| > When i was planing somthing like a search engine running
> on my pc some years ago, i did somthing similar to a
> website-copier, but of course not as good as httrack. But
> i think it would be easy to let httrack become something
> like a search-engine:
Well.. the feature is a bit complex to implement, and most
users wouldn't be able to use it IMHO. But you can also
override the wizard system to fit your needs:
See the callbacks-example.c example, and the httrack
programming page (http://www.httrack.com/html/plug.html)
The check-html callback may be useful:
"Called when a document (which may not be an html document)

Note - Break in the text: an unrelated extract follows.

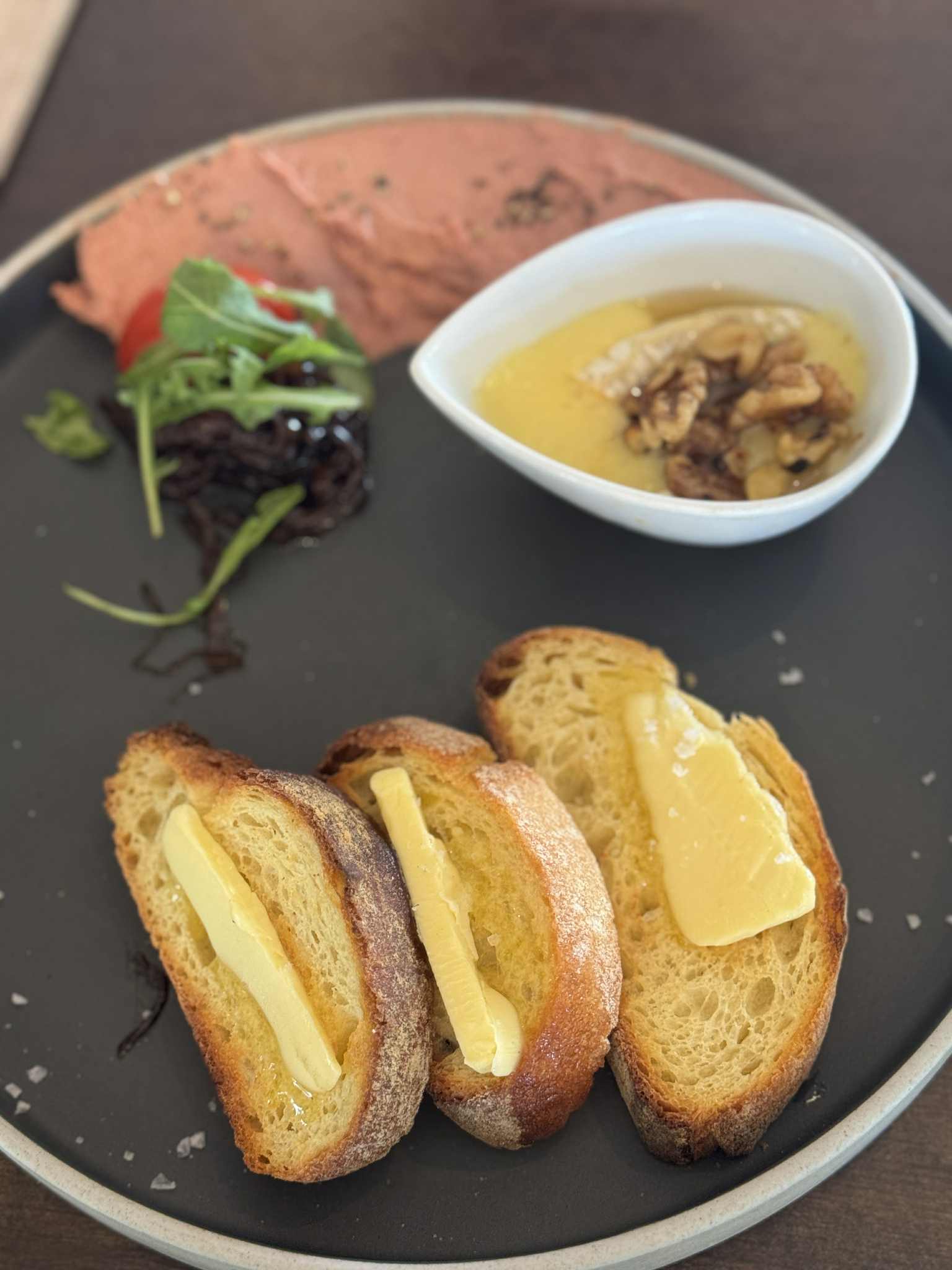 Next came a rustic platter of toasted bread served with thick slivers of butter and a side of pâté and nuts drizzled in golden oil. The bread was crisped to just the right level—enough to hold its shape without cutting the roof of your mouth—and the butter melted into the warm slices like old love letters warming in the sun.

is to be parsed. The html address points to the document
data, of lenth len. The url_adresse and url_fichier are the
address and URI of the file being processed
return value: 1 if the parsing can be processed, 0 if the
file must be skipped without being parsed"
Callback signature:
int (* myfunction)(char* html,int len,char*
url_adresse,char* url_fichier);
And callback plug:
httrack --wrapper check-html=mycallbackfile:myregexpfunction
This will require some coding ; but using the regex library
and the example provided ; it should be feasable. The only
detail to solve would be how to pass the string to search
to the function.. maybe through a /var file during the
script initialization
> And again ANOTHER suggestion:
> There should be an option that the user can chose which
> makes httrack convert internet-links ( = links to files
> that are not stored locally) to plain text so the user
> won't click it. Or inserting some very small symbol
before
> the link or after the link which tells him: 'Warning,
it's
> not stored on your disk!'. Making the link itlic with the
> <i></i> code would also be good.
This can be done using the "No external pages" option
x replace external html links by error pages (--replace-
external)
You can then replace the small html wrapper by any other
file to fit your needs
> It's a cool thing that there are freeware- and open-
source-
> programmers out there. I don't want to imagine the
> computer-world without them!
Humm.. most of the biggest software companies in this world
would LOVE to crush open source. We (open source
developpers) are still able to code for the communauty ;
but this may not last forever. Think about the idiotic
patents that clueness companies are buying everyday without
even bothering about prior act.. they have the money to
threaten most of us.
| |